After two hours of wandering around downtown LA at night, it occurs to Brody that he has nowhere else to go.
He left his money and valuables -- a plastic shopping bag full of expensive leather wallets, watches, rings, cufflinks, and cash, some of it blood-stained -- in his room. He could hustle for the money for a place but he really doesn't feel like it, hasn't felt like it in a long time. He could kill for it, but he isn't hungry, there's no guarantee whoever he picks will be carrying cash, and anyway he doesn't feel like putting in enough effort to get rid of the body. There's no one he knows well enough in New York to crash with, not considering his situation. There's definitely no one in LA. He can't spend the night on the street and he doesn't want to go hang out in the sewers again. It's disgusting and it stinks.
He comes slinking back to the Room instead, relieved that Harvestman isn't there anymore. He doesn't want to talk to him right now. He knows he's being unreasonable, but it bothers him that all of a sudden he's treating him like a child when he's been expected to be an adult for the past year, and it upsets him that it's taken him a year to get around to caring enough to bring it up. Then why do you insist on doing it by yourself?

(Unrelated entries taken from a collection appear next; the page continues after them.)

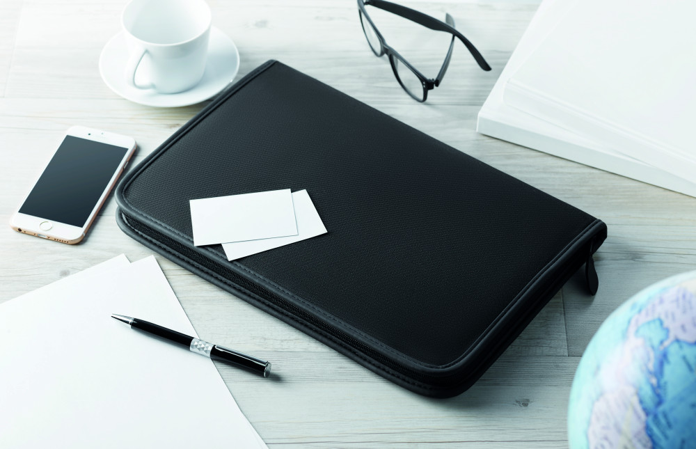 A4 cipzáras mappa 600D poliészterből, 210T béléssel. 20 oldalas vonalas A4 jegyzettömb újrahasznosított papírból. 4 külön rekesszel és kártyatartóval.
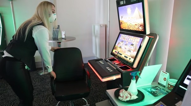 Nos salões de jogos da Renânia do Norte-Vestfália, é possível instalar no máximo 12 slots em uma área de aproximadamente 150 m² por sala. Além disso, é regulada a distância mínima entre dispositivos individuais, bem como o uso de telas, que podem servir como proteção de separação na situação atual e uma limitação no número de usuários (não há mais usuários do que máquinas na sala de jogos). Consequentemente, não há risco de infecção por multidões de pessoas ou contatos próximos.
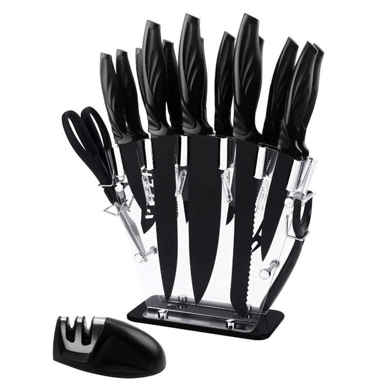 17 Pieces Multipurpose Kitchen Knife Set has everything you need for your kitchen, it comes with a variety of knives, scissors, and peelers as well. All these are made from stainless steel which makes them durable, anti-rust, and lightweight. These all pieces are matt black in color which also enhances their look when kept in set in the kitchen.

He felt like screaming, still feels like screaming. Because I've fucking had to.
But talking makes it worse. He can scream it until he's blue in the face -- not that that can happen anymore -- and it won't change anything. It won't help. It won't make him feel any better.
It takes him a long time to knock on Lucas' door, clutching a jar full of dirt with his creepy dead dog sitting at his feet. He's been wearing the same clothes for weeks.